Pictured at the launch of the NWRA's pre-Budget submission are, from left: NWRA Director Denis Kelly; John Daly, economist with the NWRA and Cllr John Naughten, NWRA Cathaoirleach. Pic: James Connolly
THE Government was urged last week to provide the Northern and Western region with a stimulus package worth at least €570 million to kickstart development across the area.
The call was made by the Northern and Western Regional Assembly (NWRA) in a submission to the Department of Finance ahead of Budget 2024 next month.
The NWRA – which represents the counties of Donegal, Sligo, Leitrim, Mayo, Galway, Roscommon, Cavan, and Monaghan – is one of three Regional Assemblies tasked with helping strengthen the development of Ireland’s regions in a strategic manner. It says a multi-million-euro stimulus package is necessary to stem growing regional inequality and to deliver balanced regional development in Ireland.
To address these challenges in the long-term, the NWRA is also calling on the Government to adopt a policy of ‘positive discrimination’ for the Northern and Western Region in its rollout of infrastructure projects in the National Development Plan (NDP).
According to the NWRA, a policy of positive discrimination would result in rebalancing legacy underinvestment in new infrastructure projects for the region; increased capital expenditure, to bring more infrastructure projects of scale to the Northern and Western Region; and reforms to the public spending code to ensure the region’s population size and rural structure are accounted for in the planning of regional-development projects.
“A legacy of underinvestment continues to inhibit the growth ambitions of the Northern and Western Region of Ireland,” said John Daly, Economist with the Northern and Western Regional Assembly.
“Without access to modern road, public transport, health and port services, our region will never be able to provide a meaningful counterbalance to the rapid expansion of the Greater Dublin Area and avoid the over-concentration of population in the east of Ireland.

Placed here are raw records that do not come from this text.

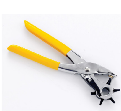 The Lincoln Leather Punch features a revolving design with multiple hole sizes, providing versatility for all your leather working projects. Its plastic-coated handle ensures comfortable grip and precise control while punching.
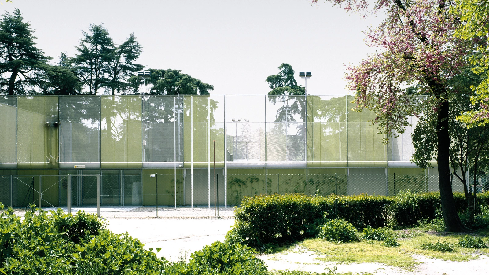 Como una reinterpretación de la tradición jardinera del entorno, de la que dan muestra piezas singulares construidas con setos y trillajes, un cerramiento a base de mallas metálicas garantiza la protección de las instalaciones. Transformados en muros vegetales ahora que las diversas especies plantadas ex profeso trepan por su superficie, dan lugar a una composición abstracta en la que los bastidores metálicos recortan en fragmentos ortogonales la materia orgánica. En la distancia se consigue un efecto de ‘teselización’ del paisaje, cuando las gamas de verdes y grises de los árboles y el cielo, diferentes según la luz a lo largo del día, se mezclan con los colores que tiñen el pabellón.
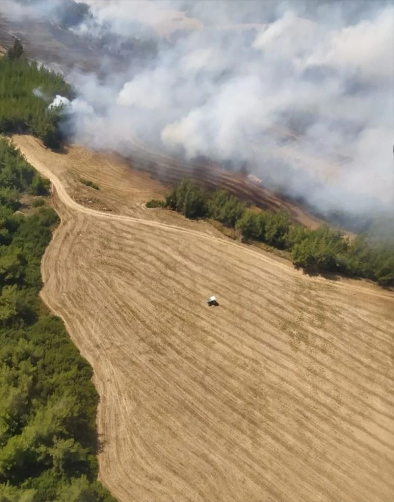 ADANA (AA) - Adana'da tarlada yakilan aniz nedeniyle ormanlik alana siçrayan alevlere müdahale ediliyor.
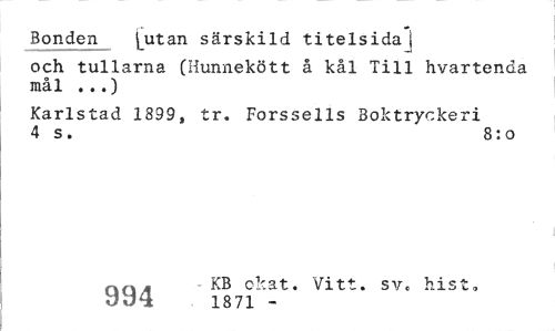 //// Bonden (utan särskild titelsida j //// och tullarna (Hunnekött å kål Till hvartenda mål ...) //// Karlstad 1899, tr. Forssells Boktryckeri 4 s. 8:0 //// nn>i -KB c-kat. Vitt. sv. hist „ //// 994 i87i - ////
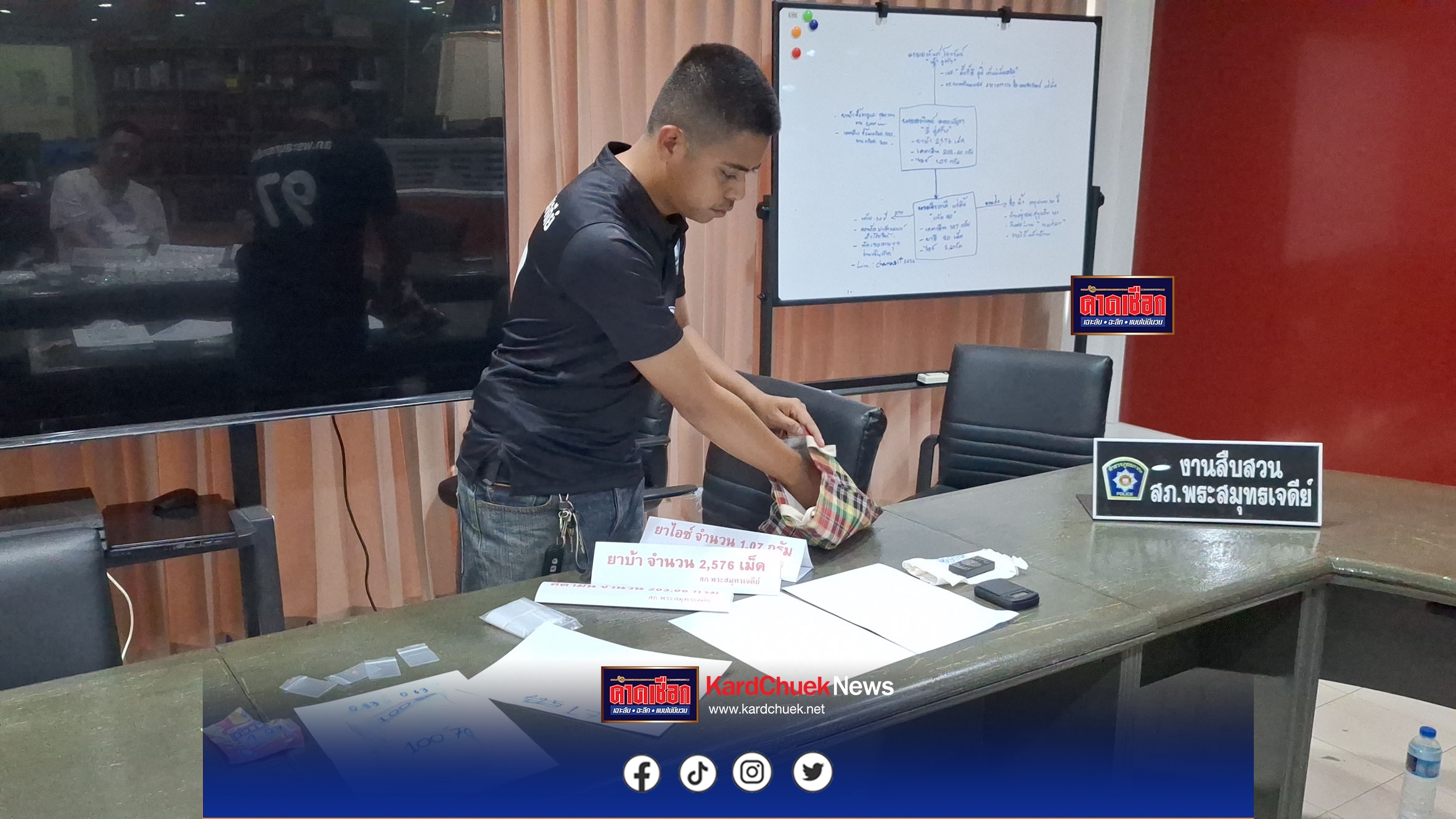 –เมื่อเวลา 15.00 น.วันที่ 7 พ.ย.68 พ.ต.อ.พจนกร กัญจินะ ผกก.สภ.พระสมุทรเจดีย์ จ.สมุทรปราการ พร้อมด้วย พ.ต.ท.ประยูร ปัตตุลี รอง ผกก.สส. พ.ต.ท.วีระพันธ์ บุญหนัก สว.สส. พร้อมเจ้าหน้าที่ตำรวจฝ่ายสืบสวน สภ.พระสมุทรเจดีย์ได้ร่วมกันจับกุมตัวผู้ต้องหาคือ นาย อาทิตย์ หรือ ลี้ คู่สร้าง-คู่สม อายุ 31 ปี พร้อมด้วยของกลาง ยาเสพติดให้โทษ ประเภทที่ 1 ( ยาบ้า ) รวมทั้งหมด จำนวน 2,576 เม็ด ยาเสพติดให้โทษ ประเภทที่ 1 ( ไอซ์ ) จำนวน 1.07 กรัม วัตถุออกฤทธิ์ต่อจิตและประสาท ประเภท 2 (เคตามีน) จำนวน 203.06 กรัมและยึดรถจักรยานยนต์ ยี่ห้อ ฮอนด้า รุ่นเวฟ สีน้ำเงิน-เทา หมายเลข 3 ข ฐ 6736. กทม.จำนวน 1 คัน ยึดไว้ตรวจสอบ โดยจับกุมตัวได้บริเวณห้องเช่า ซ.สุขสวัสดิ์ 78 ต.บางจาก อ.พระประแดง จ.สมุทรปราการ และจับกุม นาย จิรภาคี หรือ แจ็ค อายุ 31 ปี พร้อมด้วยของกลาง ยาเสพติดให้โทษ ประเภทที่ 1 ( ยาอี ) รวมทั้งหมด จำนวน 80 เม็ด วัตถุออกฤทธิ์ต่อจิตและประสาท ประเภท 2 (เคตามีน) จำนวน 200 กรัม ยาเสพติดให้โทษ ประเภทที่ 1 ( ไอซ์ ) จำนวน 2 กรัม โดยจับกุมที่ได้ บริเวณบ้านใน ต.บ้านคลองสวน อ.พระสมุทรเจดีย์ จ.สมุทรปราการ
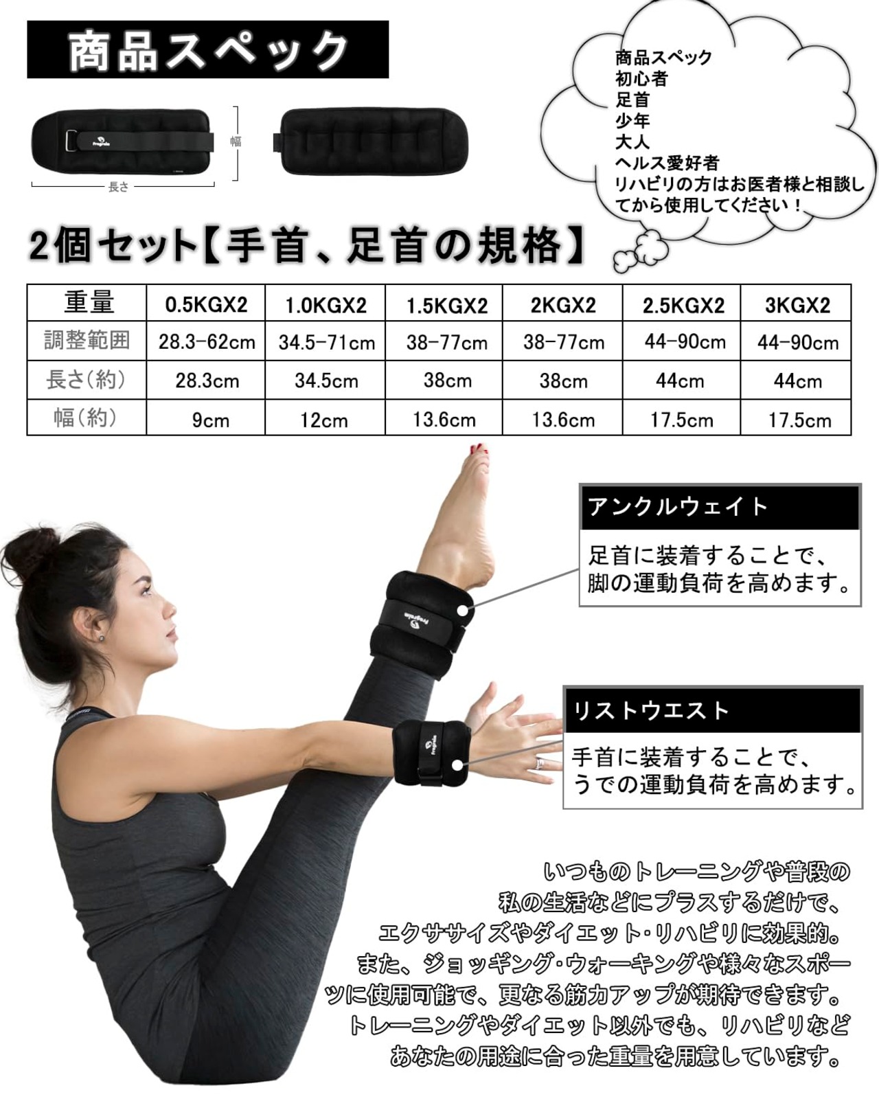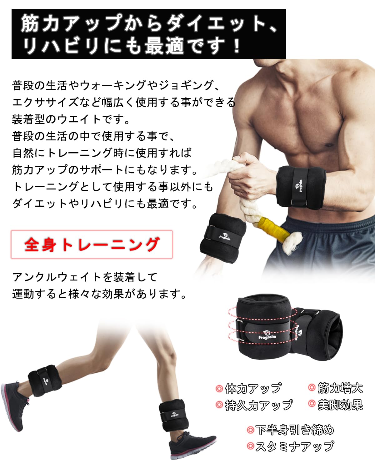 【様々な用途】ランニング、ウォーキング、ヨガ、リハビリなど様々な運動との併用により、筋トレ、足腰強化、ダイエットの効果が期待できます。いつもの動きに取り入れるだけでもトレーニング効果UPが期待できます。薄型で目立たない手足両用アンクルウエイトなので、日常の生活に馴染みやすいです。「仕事や家事が忙しくてジムに通う時間がない」「日常生活の中で少しでもトレーニングがしたい」という方にもうってつけの筋トレグッズです
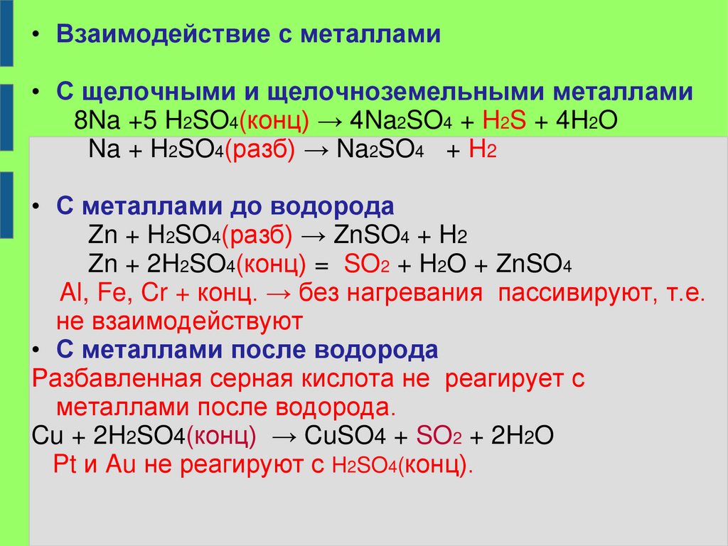 Zn + H2SO4(разб) → ZnSO4 + H2
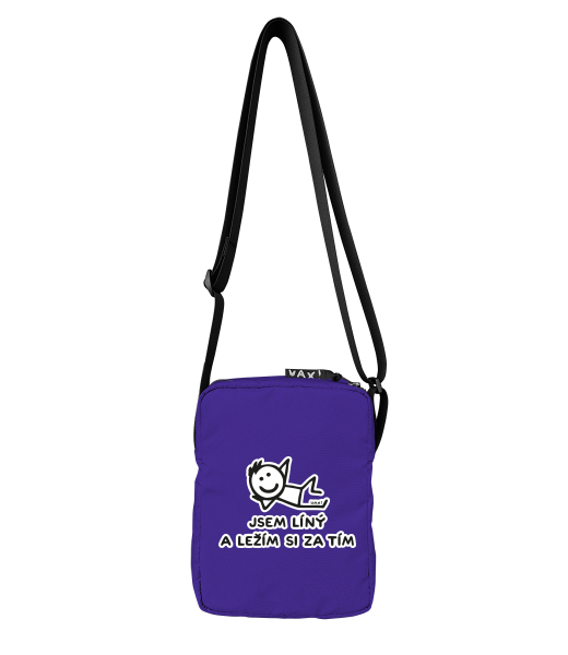 TASKAPA shoulder bag with design 1217 JSEM LÍNÝ A LEŽÍM SI ZA TÍM in color VIOLET
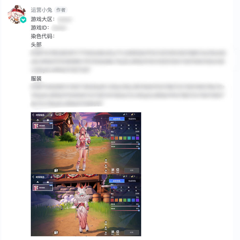 在评论区投稿你的游戏大区、游戏ID以及「雪域风行」系列时装的染色代码(包括:正面图、背面图、头部和服装染色代码),即视为参与成功。*禁止违规刷票等数据造假行为,一经发现将取消评奖资格。
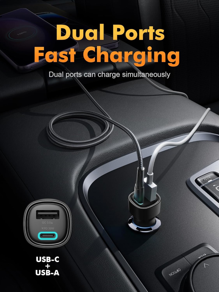 - Extreme 48W Dual Fast Charging: Combines a 30W USB-C PD port and an 18W USB-A QC 3.0 port for rapid simultaneous charging.
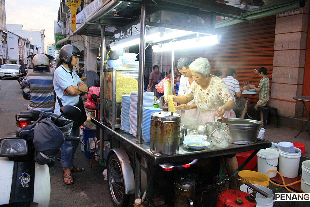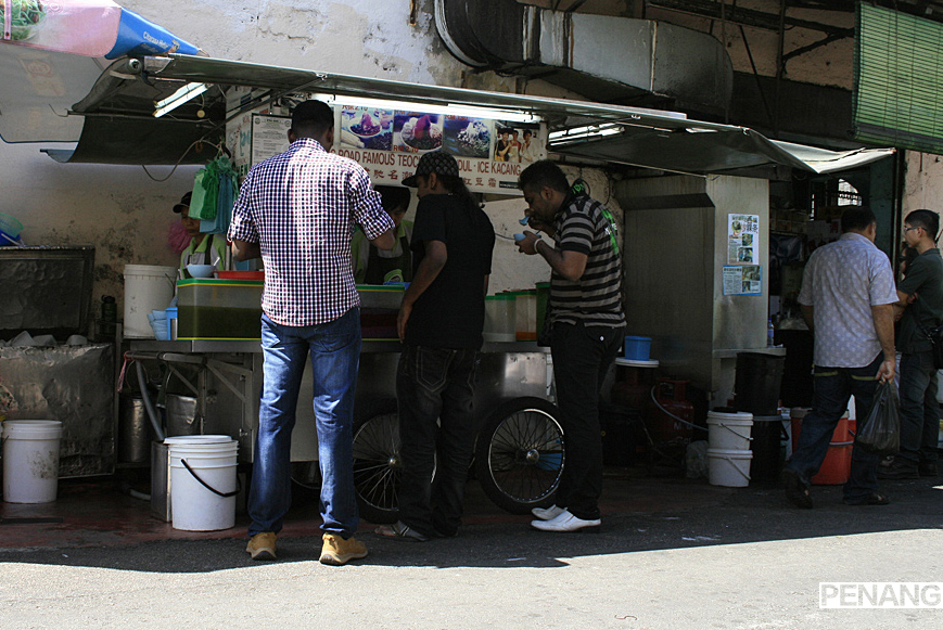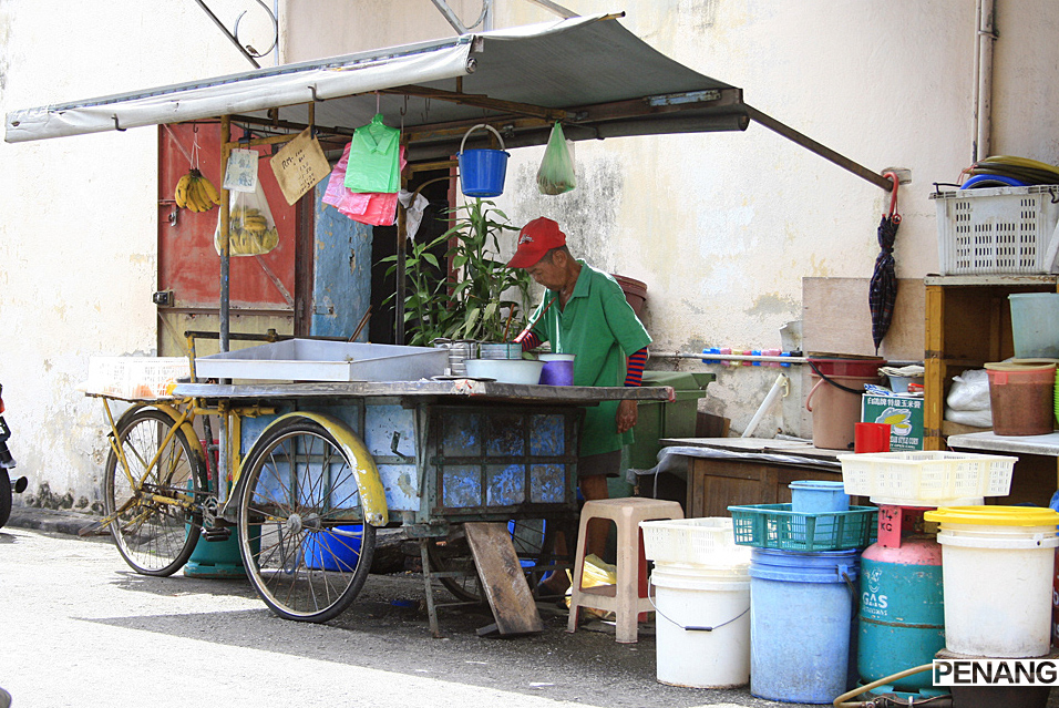 都知道槟城以小吃著称,但要想吃全的话就要从早吃到晚了,因为有的只在白天营业,有的只在晚上营业,自从飞机一降落在槟城的机场,就开始憧憬着红豆冰的味道,我以为会满大街都是,其实并不是,还好做了一个华人老大爷骑的车,性质相当于北京胡同游的三轮车吧,带着我们几乎转遍了老城中的景点后带我们吃到了正宗的红豆冰,在景贵街。当地人好像吃煎蕊的比吃红豆冰多,红豆冰多是游客在吃,街口有两家,一家感觉游客居多,一家感觉当地人居多,红色碗的红豆冰就是当地人多的那家。
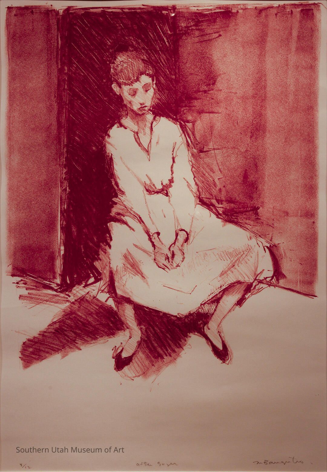 Mark Bangerter's subjects, style, and other distinctive characteristics of his works of art are best known for his feverish or featherish brush strokes. Most of Bangerter’s works of art are portraiture, landscapes, nudes, and street scenes, while quite a few look to be in a futuristic style of his own. After returning from traveling and painting abroad in Russia, the Czech Republic, and Germany, Bangerter was attacked by a man one evening in April 1998 in an Idaho club. Calling it "an unlucky encounter," the artist had to undergo several reconstructive surgeries and was been blind in one eye for the rest of his life. He turned to filmmaking for a while and made several short films in black and white. About a decade after that fateful night, Bangerter once again picked up the paintbrush and began painting in a more abstract style with strong colors. This particular print predates his accident and reflects his earlier, lighter style. It shows a portrait of a woman seated in quiet contemplation, with delicate and airy brushstrokes that express his pre-accident technique. The work stands in contrast to the abstract, color-driven approach that defined Bangerter's later years.
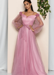 Rochie Ruth roz cu maneci tip clopot din plasa broadata
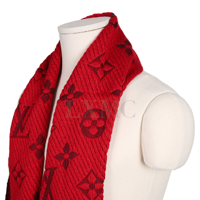 루이비통 클래식 머플러 M72432 로고마니아 스카프 루비 레드

That’s why we are calling on the Government to provide the Northern and Western Region with a €570 million stimulus package to kickstart high-value development and save the region from its economic stagnation.
“Our proposal for a multi-million-euro stimulus package would support projects and initiatives designed to stimulate high-value economic activity in the Northern and Western Region of Ireland, helping to ensure our region becomes smarter in how we educate and train people, more specialised in the types of enterprise we attract and more urban in how we grow our housing stock,” he commented.
Citizens’ Assembly
THE NWRA is also calling for a Citizens’ Assembly to be set up to examine how greater levels of regional autonomy can be delivered in Ireland, with Ireland’s centralised government system credited for high levels of regional inequality and disengagement in rural regions.
The NWRA is calling for the delivery of these priorities due to the fact the Northern and Western Region of Ireland is officially classified as a ‘Transition Region’ – a designation that is given to regions in which the GDP per capita is between 75 percent and 100 percent of the EU27 average, the only region in Ireland to hold such a status.
Likewise, the European Parliament’s Committee on Regional Development also categorised the Northern and Western Region as a ‘Lagging Region’, which is defined as a region that faces specific development challenges, such as low productivity and educational attainment, a weaker skills base and business environment.
The Government has an opportunity in the budget to make a genuine effort to address the regional imbalance that still exists in our country, and the NWRA call shows exactly how it could make a real difference by directing substantial investment towards the Northern and Western Region.